Similarly, while one can say ‘tenace nelle proprie tradizioni’ (determined/ persevering in their own traditions) in Italian, to say ‘persevering in their own traditions’ in English only begs the fascinating question, ‘in whose traditions if not their own?’. The emphasizer ‘own’, like the previous ‘very’, is thus not only superfluous but distractingly so.
So far, then, comparison of the two passages does give us, if nothing else, a sense of the different spirit of these two languages, an awareness, that is, of how dangerous it can be to use emphasizers in English. Later on, even where the generous gesturing of the Italian translates easily into English (in terms of pure semantics) we cannot help feeling uneasy in the presence of words like ‘vast’ (to describe the agricultural area around Mantua), or expressions that insist on ‘the exemplary wisdom of the local administrations’. And even without completing a word by word analysis of the whole passage, what has been said so far should be enough to prompt a first and obvious conclusion: that much of language has to do, not with the grammatical rules and transformations we can learn in the classroom (though they are vital), but with what the people who speak the language consider normal and acceptable.
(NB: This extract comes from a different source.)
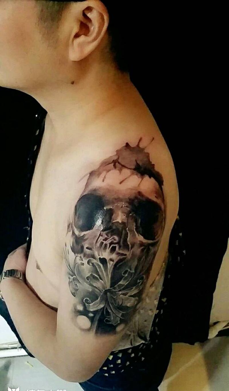当前位置: 首页 >甘肃省酒泉市纹身店-烬刺青工作室纹身图案>彼岸花骷髅。纹身图片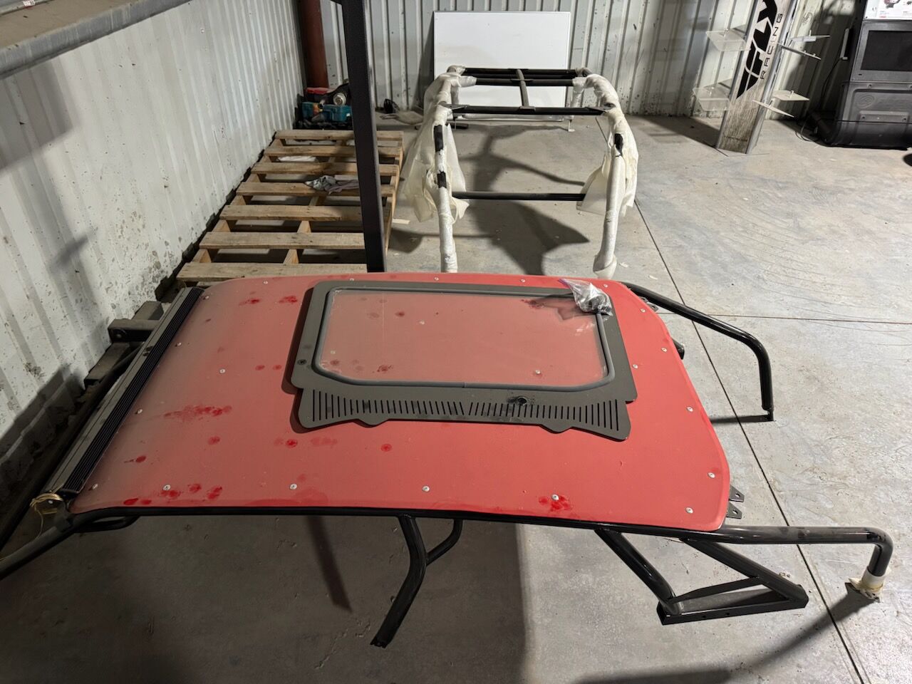 Brand new never been installed Polaris Rzr pro xp 4 seat cage. Comes with roof, light bar, and full glass windshield. Fits model year 24 and older.

With this particular passage, then, we are aware of how much would have to change in an English translation, in order to achieve a reader reaction not too unlike that of an Italian reader of the original. The first line, for example, might have to go something like: ‘The sharp lyricism of the surrounding countryside with its delicately hued sunsets …’. We would have to aim, that is, for a style common to such texts as tourist brochures. And since this would remind us of the fact that the chief intention of this passage, indeed its raison d’etre, must be to encourage people to come to Mantua, one might begin to question whether some of the information in this passage could ever be rendered in the kind of lexis, syntax and register that the English use in tourist brochures.
Perhaps another way of putting this reflection would be to ask: does the English tourist really want to know about the ‘vasta zona … industriale’ (vast industrial area) around the city? Will he believe that the ‘local administrations’ have acted with ‘exemplary wisdom’? Certainly, as a translator one might become uneasy about writing such things. Hence a passage like this makes us aware of the need to translate, as it were, the general purpose or function of a text, rather than its exact semantic surface. This is a matter we shall have to return to.
For we still have not really answered the most interesting question of all. Why do native English speakers respond to this translation with laughter, or at least smiles? And, crucial for my purposes in this book, why do non-native speakers whose English is sufficiently advanced for them to appreciate that this is a poor translation not laugh?
The point here, perhaps, is that in its many departures from the kind of style one expects in a tourist guide (not to mention everyday English speech) the translation draws attention to itself as language rather than simply as content. In this regard it partakes of the arrogance of literature. That is, experience tells us that it is literature that usually assumes the right to deviate from more ordinary ways of saying things, to draw attention to itself as language. True, its deviations often then atrophy into the conventions of a recognizable poetic style, but it is a characteristic of the most dynamic literature to deviate even from these. Since a collocation like ‘clear poem’ certainly departs from more or less everything, it can be said to have something in common with literature. But of course we are happy (though not always initially so) for literature to offer such departures, because it often does so with what we sense is felicity: that is, we see an appropriateness between the deviation from standard forms of expression and the content of the text, and we sense a harmony between all the deviations taken together. The rhymed poem is the most extreme example:
The fair breeze blew, the white foam flew,
The furrow followed free;
We were the first that ever burst
Into that silent sea.2
But when a piece of writing assumes this right to deviate from standard forms, yet fails to deliver appropriateness and harmony, then we begin to laugh. We laugh at the gap between the ambitious gesture and the questionable achievement. Thus the Scottish poet William McGonagall gets an entry in The Macmillan Encyclopedia for his ‘memorably bad poetry’, much of which reads like a poor translation of a rhymed tourist guide:
Beautiful Railway Bridge of the silvery Tay!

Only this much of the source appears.